*** Opening Provided records ***
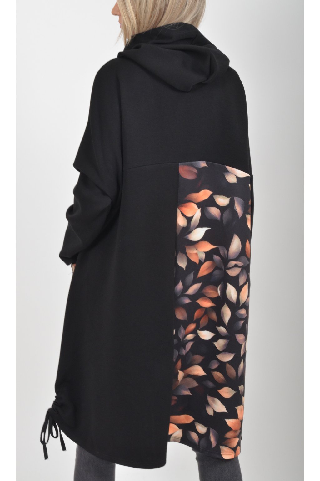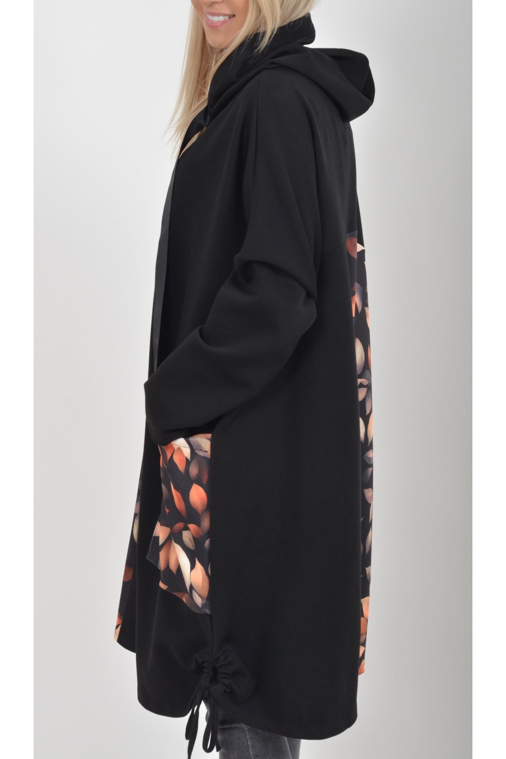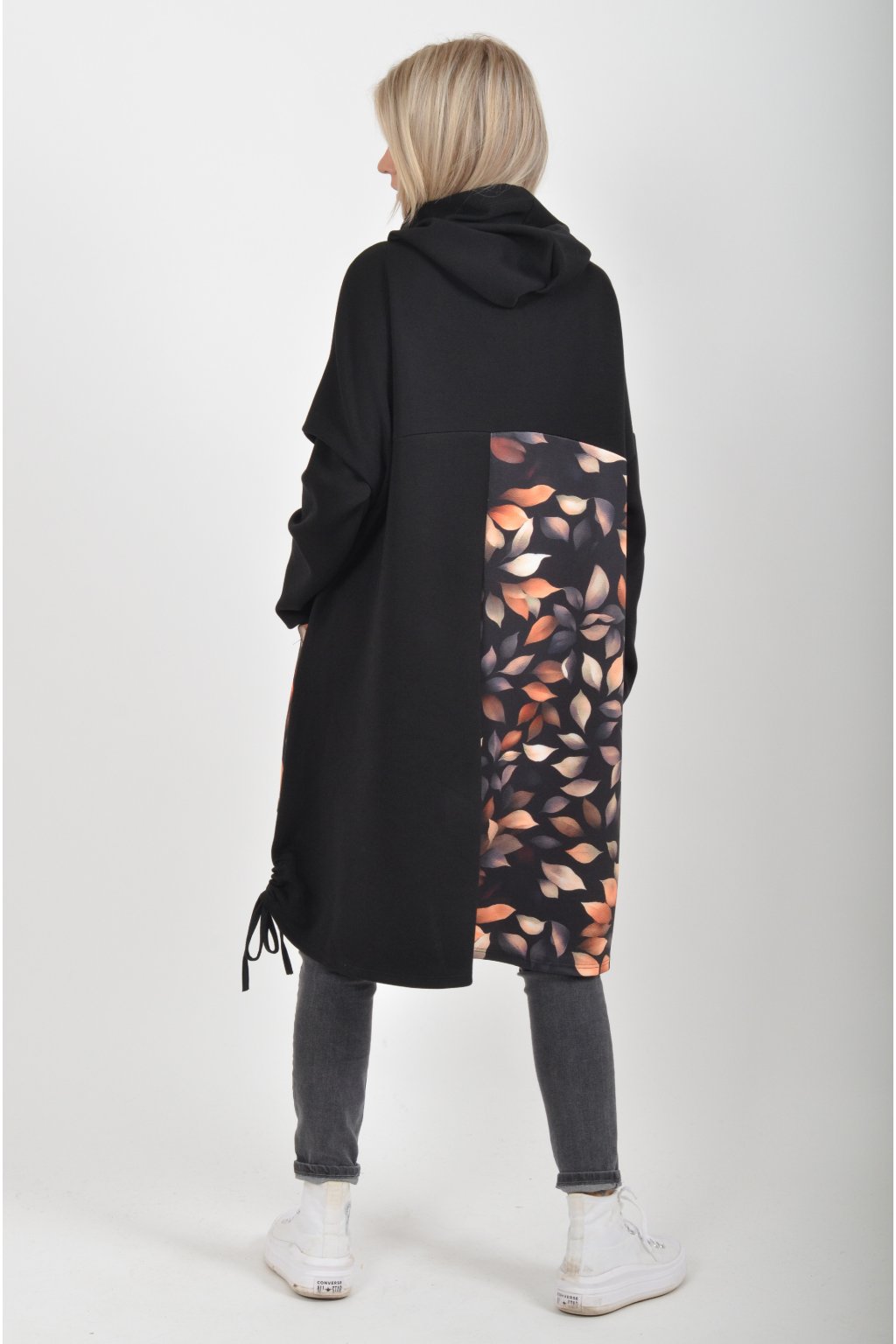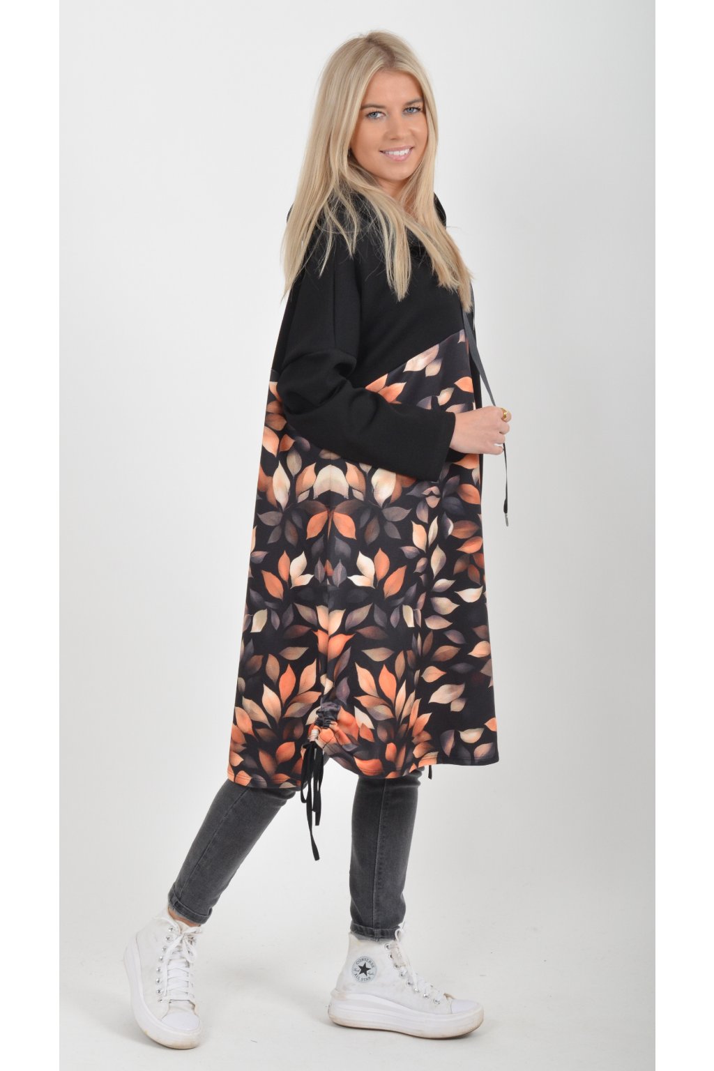 Zajímavé lehce zateplené šaty s barevným vzorem. Mají áčkový střih, kapuci a dlouhý rukáv. Materiál je velice příjemný na dotek. Ve spodní části na bocích je můžete pomocí šňůrky stáhnout.
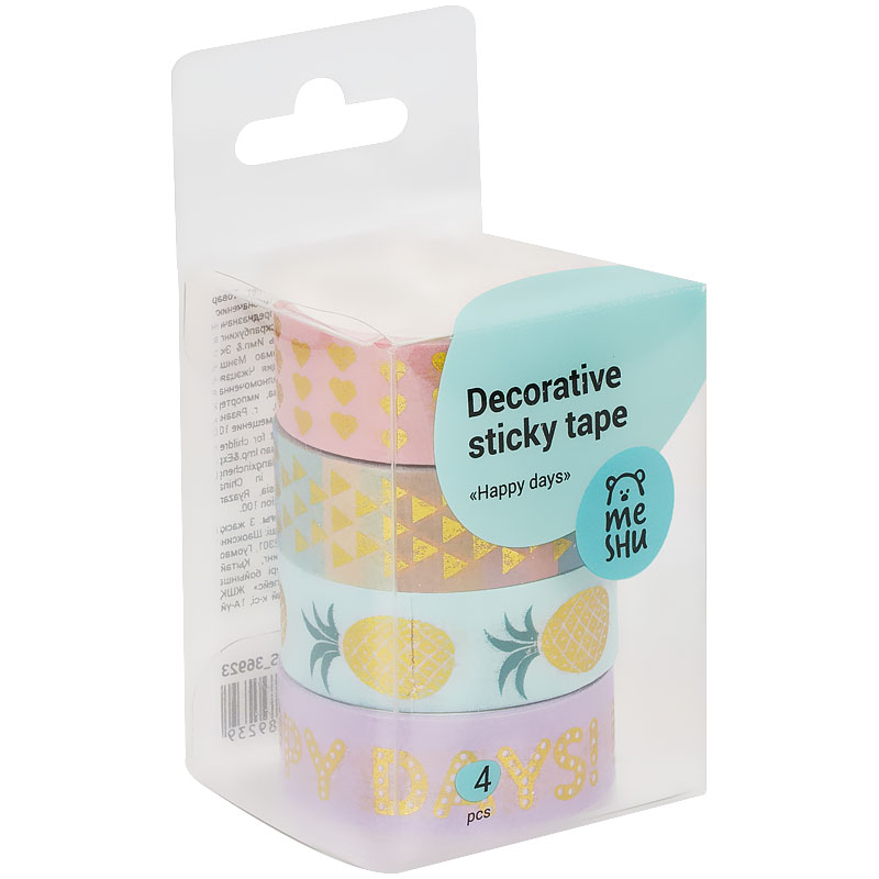 Декоративные клейкие ленты MESHU предназначены для упаковки подарков, оформления поделок, элементов интерьера и скрапбукинга. Открытки, альбомы, ежедневники, подставки, цветочные горшки, подсвечники, рамки и много другое может преобразиться с декоративными лентами MESHU. Яркие и современные дизайны сделают процесс творчества увлекательным, а результат впечатляющим. А качественная клеевая основа позволит надежно зафиксировать ленту и быть уверенным в долговечности декора.
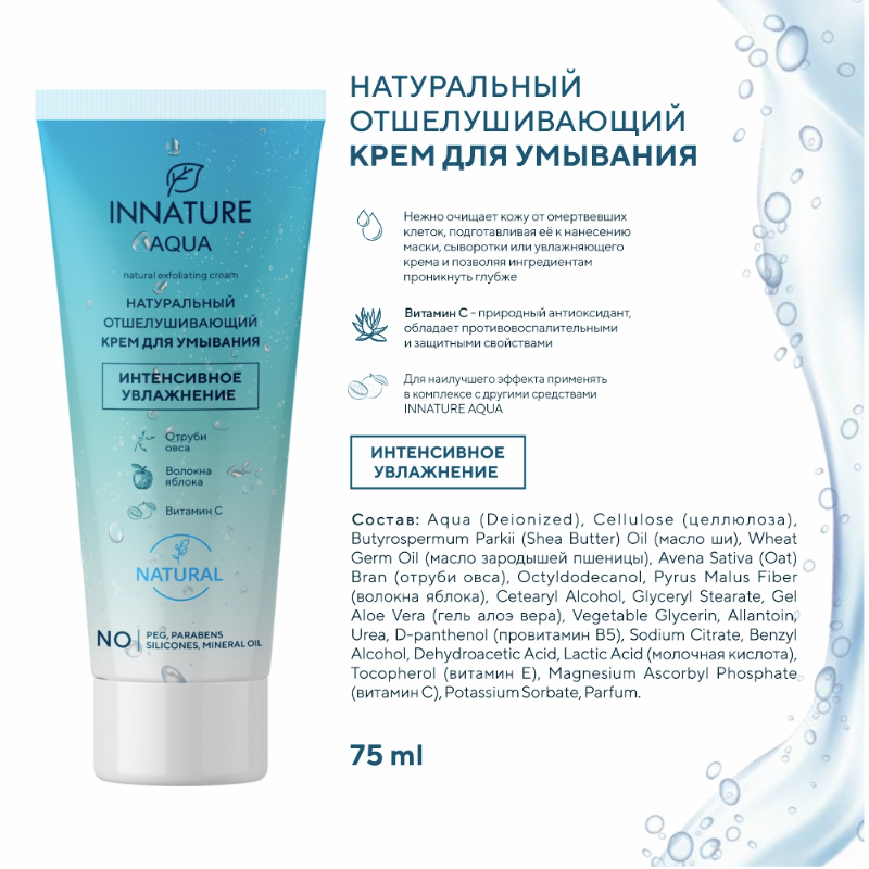 Крем для умывания отшелушивающий Интенсивное увлажнение AQUA Innature
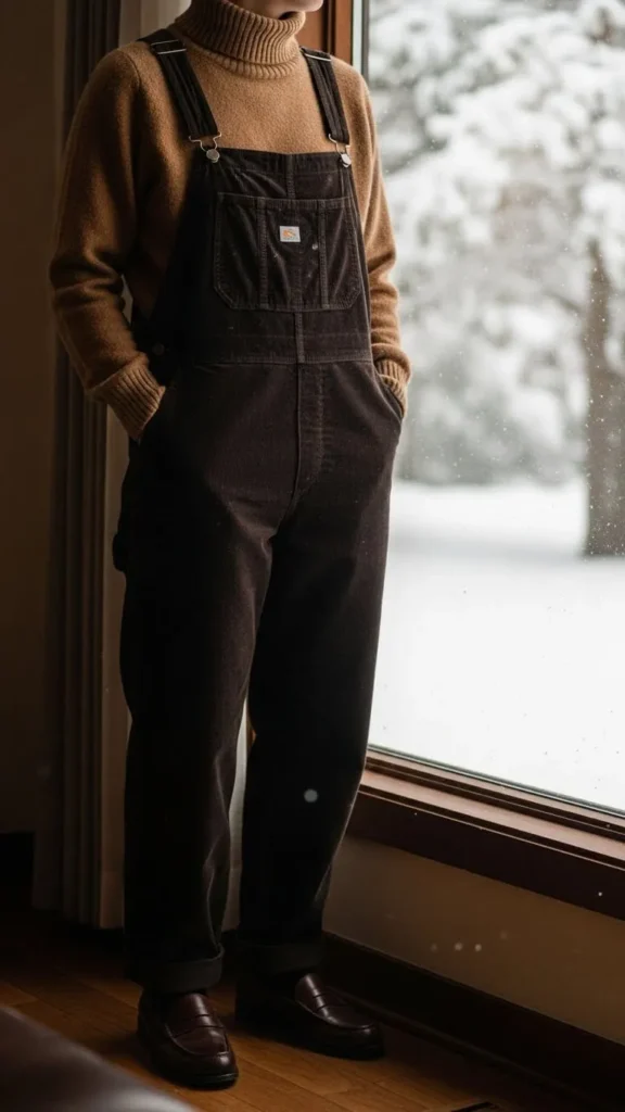 Swap jeans for corduroy overalls layered over a fitted turtleneck. This look adds vintage charm and is very comfortable. Overalls can often be found for less secondhand. Add simple boots or loafers to finish the look. For extra warmth, wear wool socks inside boots.
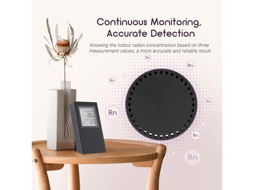Ideální pro jakékoli místo v blízkosti země, jako je garáž, sklep, obývací pokoj, pro průběžné sledování hladiny radonu v domě.
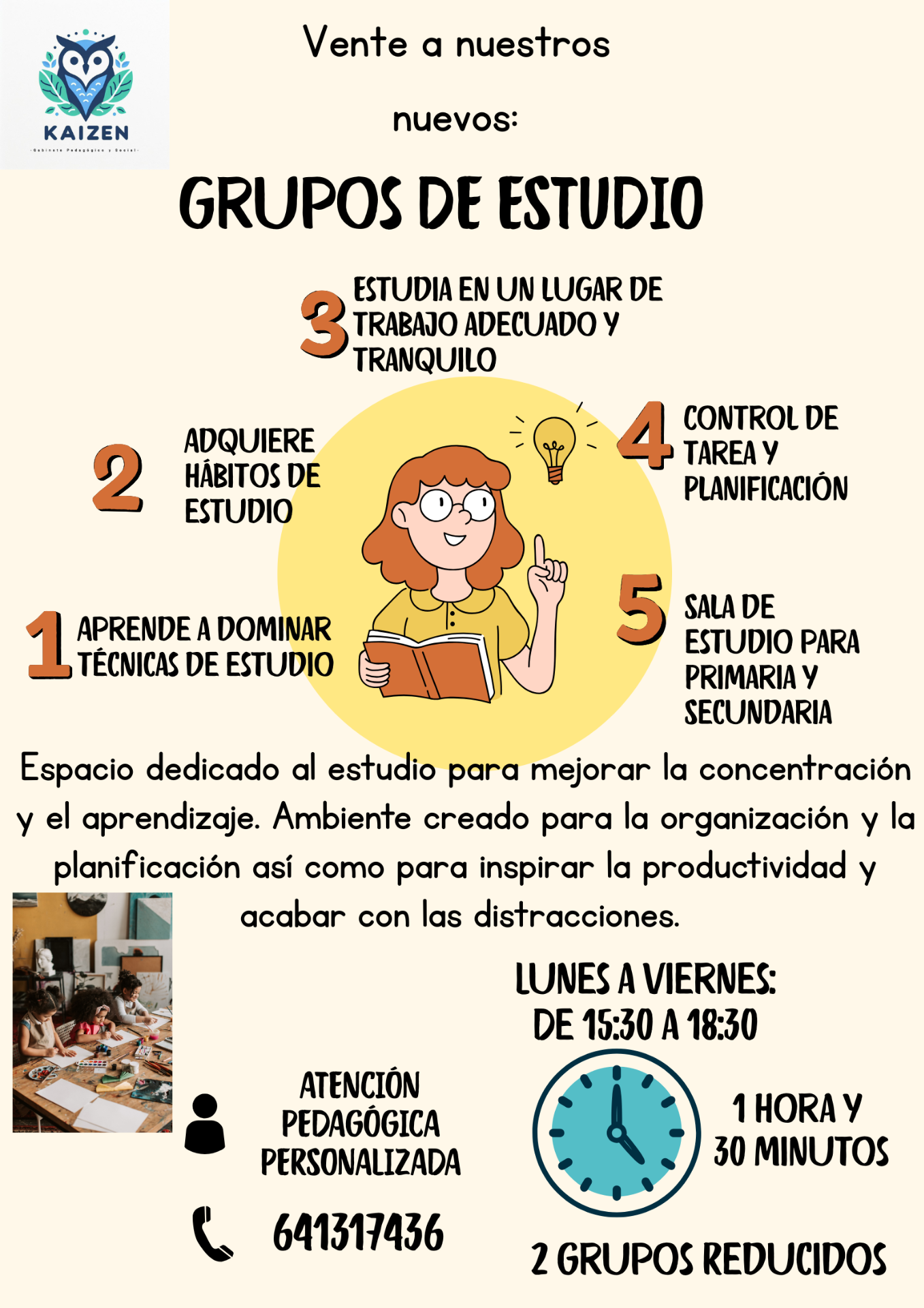 Entrenamiento en estrategias de aprendizaje, técnicas de estudio y mejora de la atención.
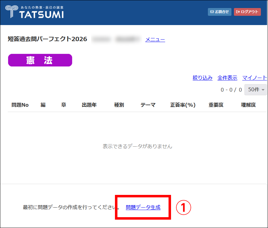 画面左下の「問題データ生成(①)」ボタンをクリックしてください。
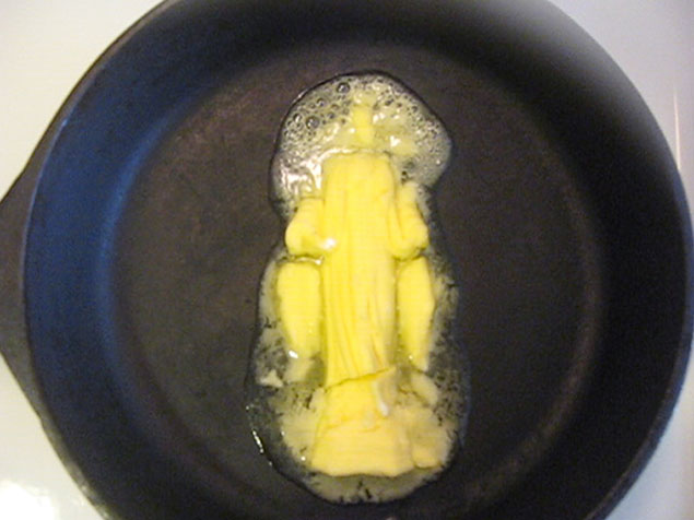 In this is video a small statue of the Virgin Mary cast in butter is placed in a frying pan and slowly melts away into a bubbling pool of oil. The video then goes in reverse and the statue reappears.
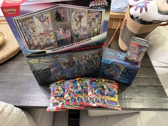 (1)Pokémon SV-Prismatic Evolutions Super Premium Collection (SPC) (3) Phantasmal Flames UPC (16) Destined Rivals sleeves packs (2) phantasmal flames $1,300Miami, FL
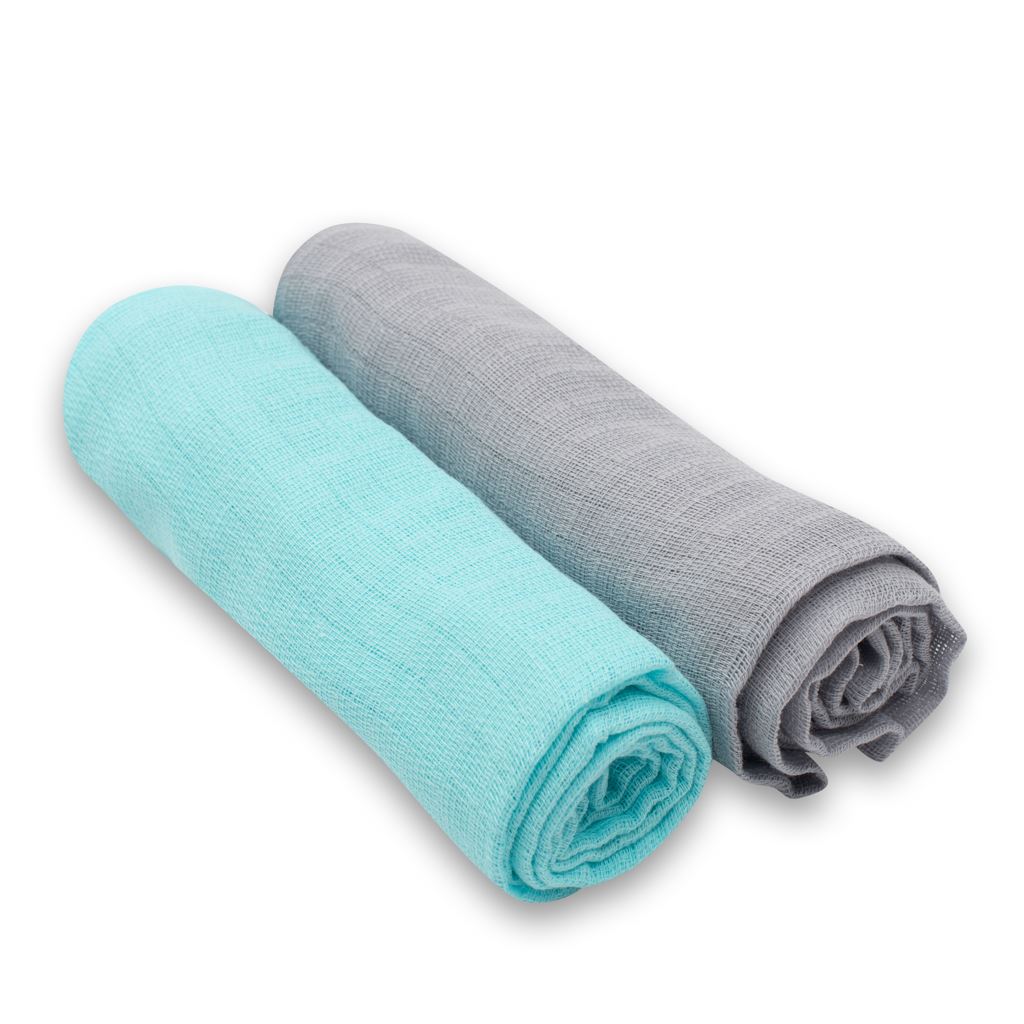 Pieluszki bawełniane New Baby 70x80 cm 2 szt szara, turkusowa
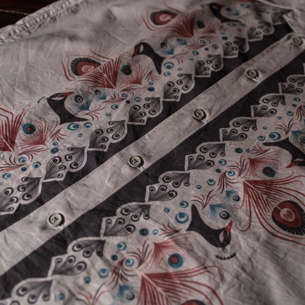 前面にプリントを施し、背面は無地という構成となっておりますので、コーディネートも容易なプリントシャツでございます。
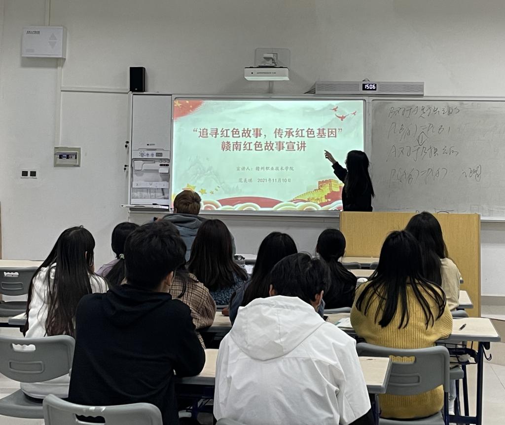 范美琪老师作《“追寻红色足迹,传承红色基因”赣南红色故事》宣讲,用一个个感人肺腑的赣南红色故事,让在座的同学们感受到幸福生活的来之不易。
*** Closing Provided records ***
Give again, word for word, the line containing "(1)Pokémon SV-Prismatic Evolutions" and every line after it to the end of the records; leave out the pictures.

▶ [Answer section]
 (1)Pokémon SV-Prismatic Evolutions Super Premium Collection (SPC) (3) Phantasmal Flames UPC (16) Destined Rivals sleeves packs (2) phantasmal flames $1,300Miami, FL
 Pieluszki bawełniane New Baby 70x80 cm 2 szt szara, turkusowa
 前面にプリントを施し、背面は無地という構成となっておりますので、コーディネートも容易なプリントシャツでございます。
 范美琪老师作《“追寻红色足迹,传承红色基因”赣南红色故事》宣讲,用一个个感人肺腑的赣南红色故事,让在座的同学们感受到幸福生活的来之不易。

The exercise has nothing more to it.